Britain reveals Ukraine tank delivery timeline
Ukraine will receive 14 Challenger 2 main battle tanks from the UK before the summer, Defense Minister Ben Wallace told Parliament on Monday. This timeline means the Challengers will likely arrive after Germany’s Leopard tanks reach the battlefield amid Kiev's hostilities with Russia.
Asked when the tanks would be deployed in Ukraine, Wallace told lawmakers "It'll be this side of the summer, or May – it'll be probably towards Easter time." For Western Christians, Easter Sunday falls on April 9 this year.
Wallace said that he could not provide further information on the training process for the tanks’ Ukrainian operators. Kiev’s ambassador to the UK, Vadim Pristaiko, told Ukrainian media last week that this process “will not take much time.”

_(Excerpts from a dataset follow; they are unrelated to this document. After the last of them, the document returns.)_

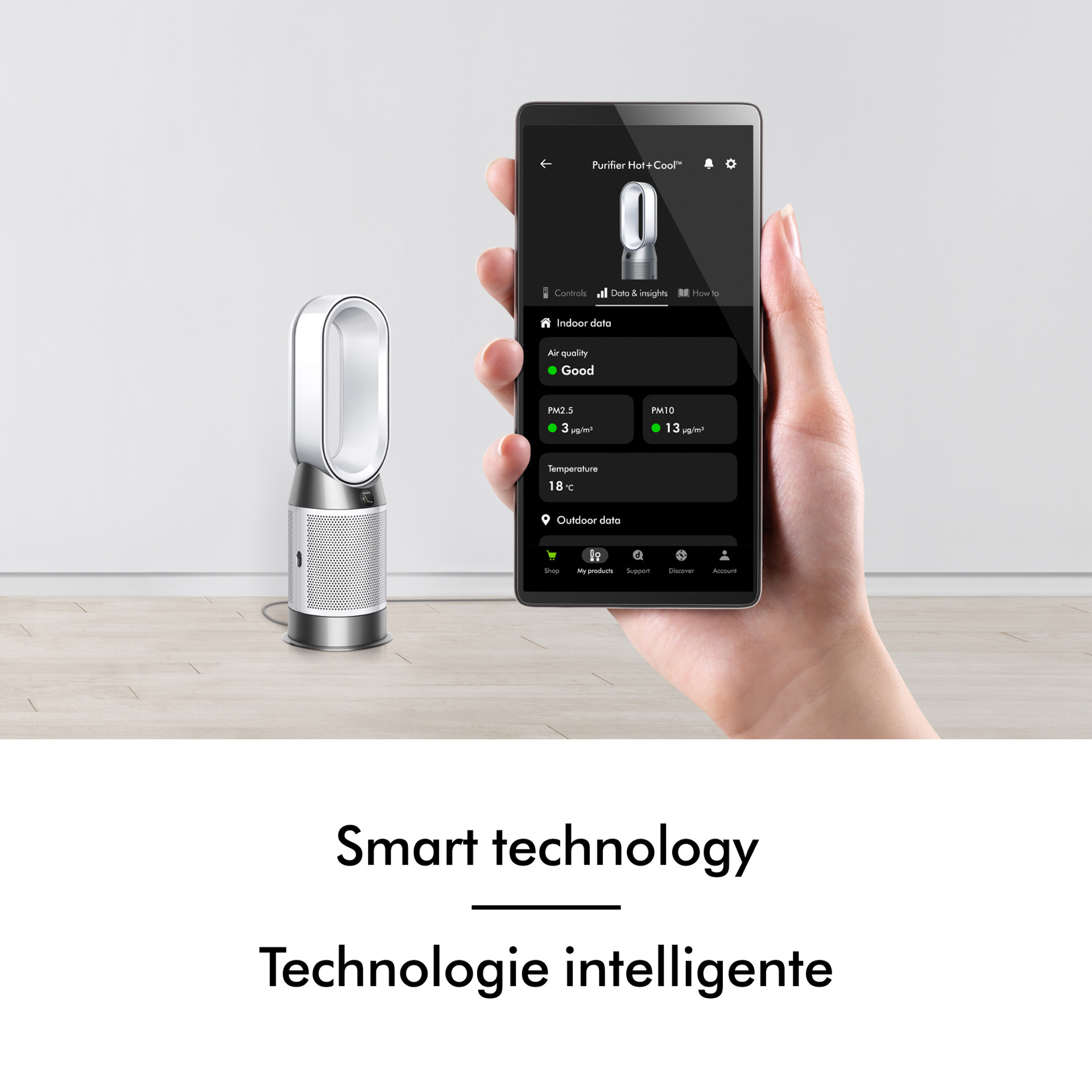 Permet de contrôler et de surveiller la qualité de l’air où que vous soyez à l’aide de l’application MyDyson, ou en mode mains libres en utilisant les services de commande vocale compatibles.
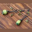 Długie wiosenne kolczyki w kolorach świeżej zieleni, z marmurowym limonkowym kamieniem i małymi perydotami. Całość wykończona elementami ze stali i metalu w kolorze grafitowym.
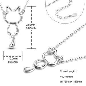 Adorable 925 Sterling Silver Cat Necklace with Swinging Tail - Kitty Lovers Gift
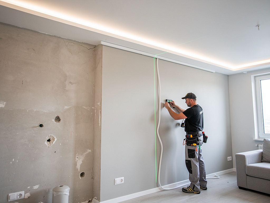 если стены "танцуют" сильнее? Тут вступают профи из нашей бригады. Используем пластиковый профиль — он гнётся, облегает изгибы, не даёт
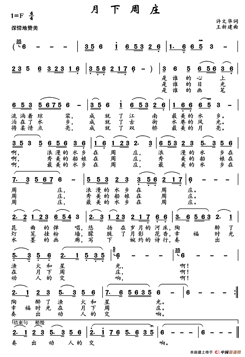 关于《月下周庄》曲谱的评论
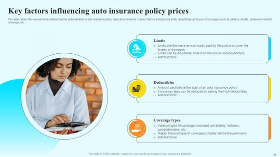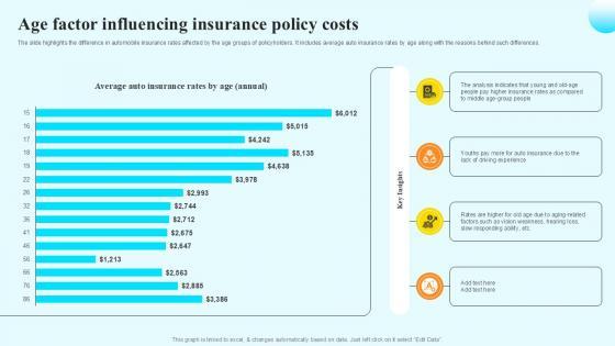 The slide highlights the difference in automobile insurance rates affected by the age groups of policyholders. It includes average auto insurance rates by age along with the reasons behind such differences. Boost your pitch with our creative Age Factor Influencing Insurance Steps By Step Guide For Claiming Car PPT PowerPoint. Deliver an awe-inspiring pitch that will mesmerize everyone. Using these presentation templates you will surely catch everyones attention. You can browse the ppts collection on our website. We have researchers who are experts at creating the right content for the templates. So you do not have to invest time in any additional work. Just grab the template now and use them. The slide highlights the difference in automobile insurance rates affected by the age groups of policyholders. It includes average auto insurance rates by age along with the reasons behind such differences.

Wallace’s timeline is close to that provided by Alex Chalk, the Defense Ministry minister of state, who said last week that the Challengers should be deployed “at the end of March.”

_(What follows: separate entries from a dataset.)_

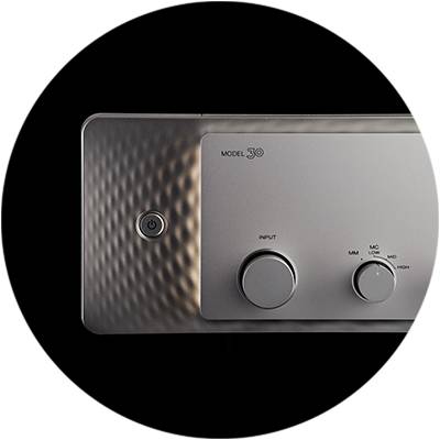Envisioned to deliver optimal sound quality by simplifying the signal path – vital given the delicate nature of phono signals – the Phono EQ stage in MODEL 30 can be used with both moving magnet and low-output moving coil cartridges, thanks to a built-in MC head amplifier.
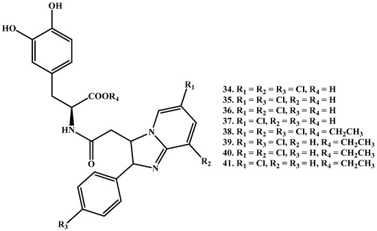 Denora et al. [59] proposed a series of novel amide LD prodrugs (Figure 6, 34–41), called Dopimid compounds. The series have high BBB penetrating potential due to substituted 2-phenyl-imidazopyridine-3-acetic acid. Of these Dopimid compounds, 34, 35, 38 and 39 were found to be stable against chemical hydrolysis, although they showed faster breakdown in diluted rat serum at 37 °C, and were able to penetrate the CNS. Moreover, a dose- and time-dependent elevation of DA levels in rat medial prefrontal cortex after intraperitoneal administration of compounds 38 and 39 was obtained. Similar results were also obtained by Eltayb et al. after i.p. administration of LD [60].
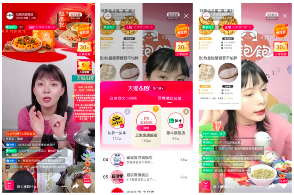 新品牌启动初期依靠具有流量的网红主播直播卖货,最有名的案例,花西子和李佳琦的捆绑已经人尽皆知;除此之外,品牌也开始自播,甚至CEO亲自上阵。据淘榜单发布的《2020年商家直播白皮书》2019年,超过50%的品牌商家通过直播获得了新增长,且与达人直播较强的头部效应不同,自播商家的增长更加平均,腰部商家的直播渗透率提升最快。拉面说、王饱饱是第一批开始做自播的商家,单场观看人数2w左右。618期间,王饱饱获得类目店铺直播小时榜第一。
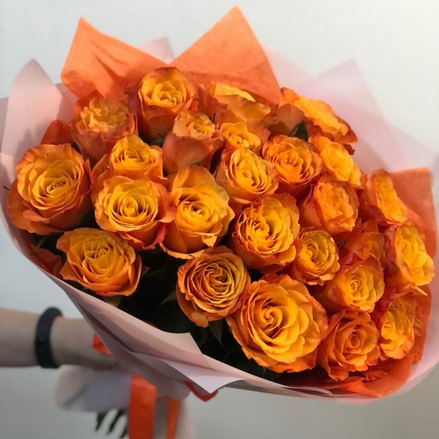 На фото букет из 25 оранжевых роз. В составе: роза 25 шт, дизайнерская упаковка 1 шт, атласная лента 1 шт, . Все цветы свежие и ароматные, букет красиво оформлен и отлично подходит для подарка. Доступна доставка цветов или самовывоз.
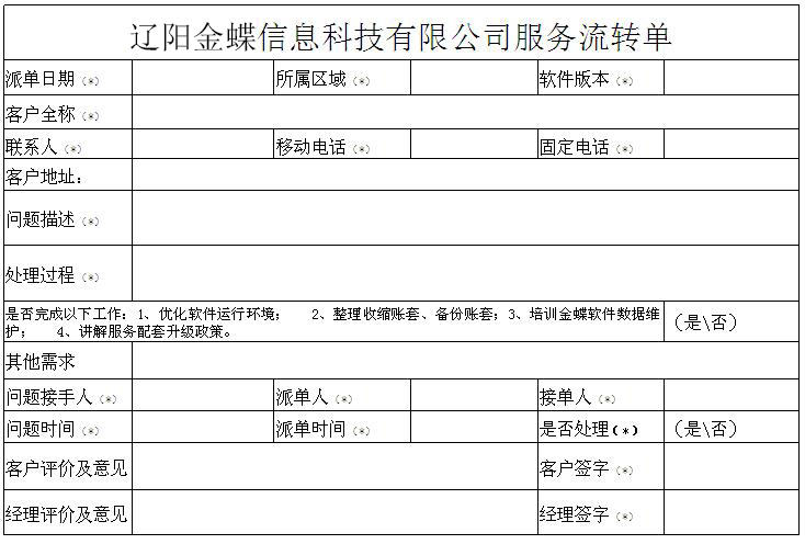 客户问题无法通过电话、远程解决的且客户在服务期内,应由服务经理出具服务流转单。服务流转单上记录着完整的客户信息、派单信息、服务记录、客户确认信息,服务交付完成客户确认后,由服务交付顾问带回公司存档,并将处理过程及结果提交到客户服务记录库,由服务经理对服务处理过程及结果进行回访。所有服务过程与结果都载入客户服务档案, 辽阳金蝶上门服务将客户已签字的服务确认单作为上门服务完成的依据。
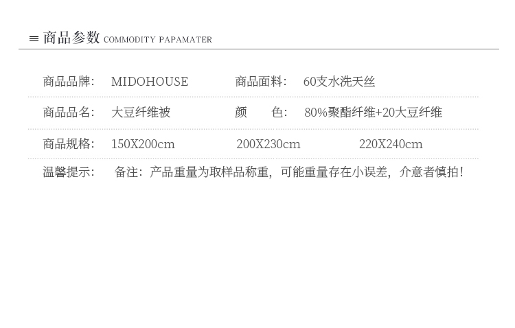 / MIDO HOUSE60支水洗天丝大豆春秋被 被子被芯200*230cm220*240cm
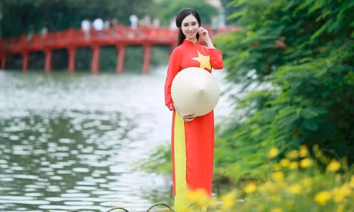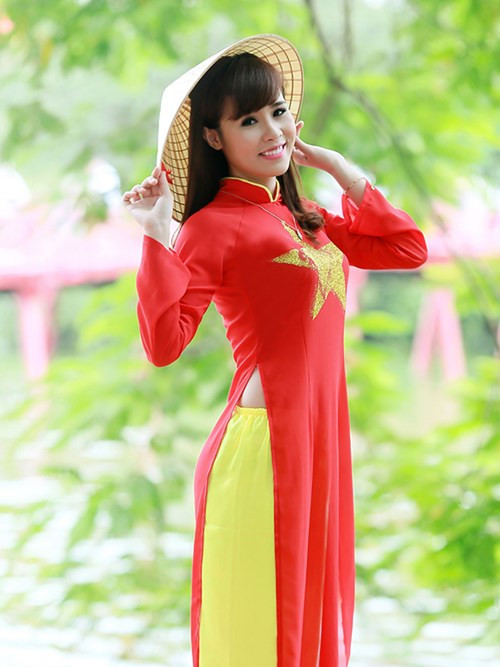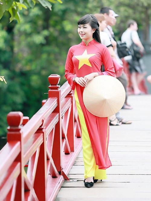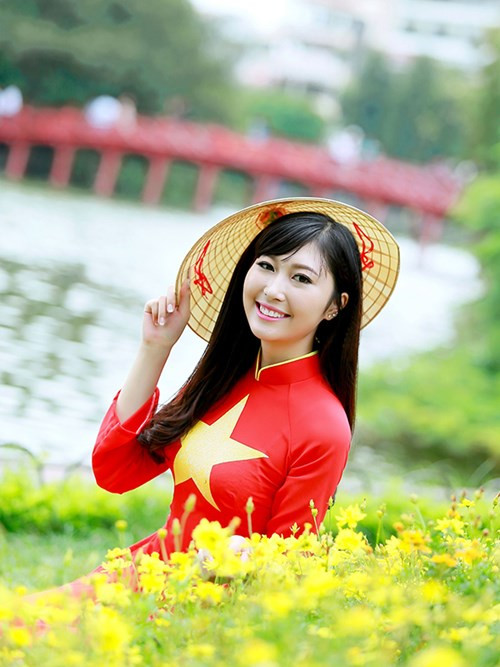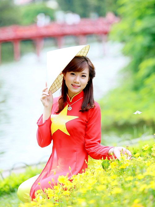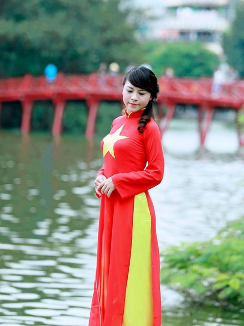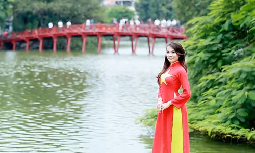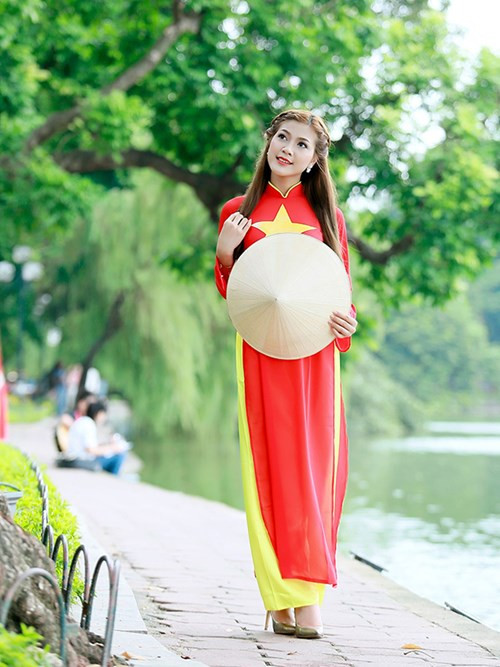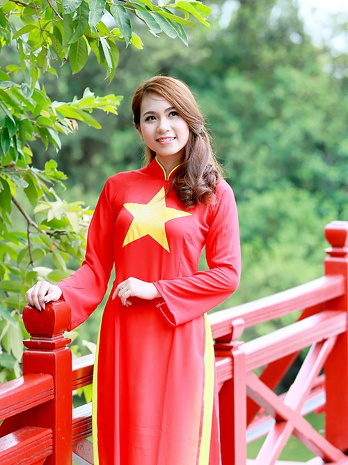 Nữ sinh Hà thành khoe sắc với áo dài cờ đỏ sao vàng

The UK announced that it would send the Challengers nearly two weeks before Germany confirmed it would donate an equal number of Leopard 2 tanks. However, the German armor will likely reach Ukraine just before its British equivalents, with Berlin stating on Thursday that its tanks would arrive by the end of March or beginning of April.
Germany also granted other European countries permission to ship their own fleets of Leopards to Ukraine. Poland, which had threatened to send the tanks with or without Berlin’s permission, will deliver around 14 Leopards “within a few weeks,” Deputy Defense Minister Wojciech Skurkiewicz told local media on Thursday.

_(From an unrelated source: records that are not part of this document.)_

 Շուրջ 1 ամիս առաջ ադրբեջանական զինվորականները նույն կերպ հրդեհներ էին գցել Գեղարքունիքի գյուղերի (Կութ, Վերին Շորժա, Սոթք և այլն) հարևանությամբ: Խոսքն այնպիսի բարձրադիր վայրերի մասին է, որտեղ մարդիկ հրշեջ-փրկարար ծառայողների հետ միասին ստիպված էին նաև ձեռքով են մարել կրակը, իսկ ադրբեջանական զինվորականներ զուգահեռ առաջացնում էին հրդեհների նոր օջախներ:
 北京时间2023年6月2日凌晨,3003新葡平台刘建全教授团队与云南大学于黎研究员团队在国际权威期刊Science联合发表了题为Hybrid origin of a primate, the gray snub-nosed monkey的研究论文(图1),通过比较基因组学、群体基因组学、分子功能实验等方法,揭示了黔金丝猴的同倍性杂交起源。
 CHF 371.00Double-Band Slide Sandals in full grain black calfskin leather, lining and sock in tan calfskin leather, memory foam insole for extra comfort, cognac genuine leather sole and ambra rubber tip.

The last heavy Western armor to reach Ukraine will be the US’ M1 Abrams tanks, the deliveries of which were announced by Washington alongside Germany’s Leopards. The announcement came despite earlier statements from the Pentagon that the Abrams tanks are too complex to maintain and consume too much fuel for use in Ukraine. According to recent reporting by the Washington Post, the tanks were only offered as “cover” for Germany to send the Leopards, and will not arrive until the end of the year at the earliest.
Russia has maintained that foreign weapons, including heavy tanks, will not change the course of the conflict. “As we said in the past, these tanks will burn just like the rest. They just cost a lot [to make],” Kremlin spokesman Dmitry Peskov said on Wednesday, referring to the Abrams specifically.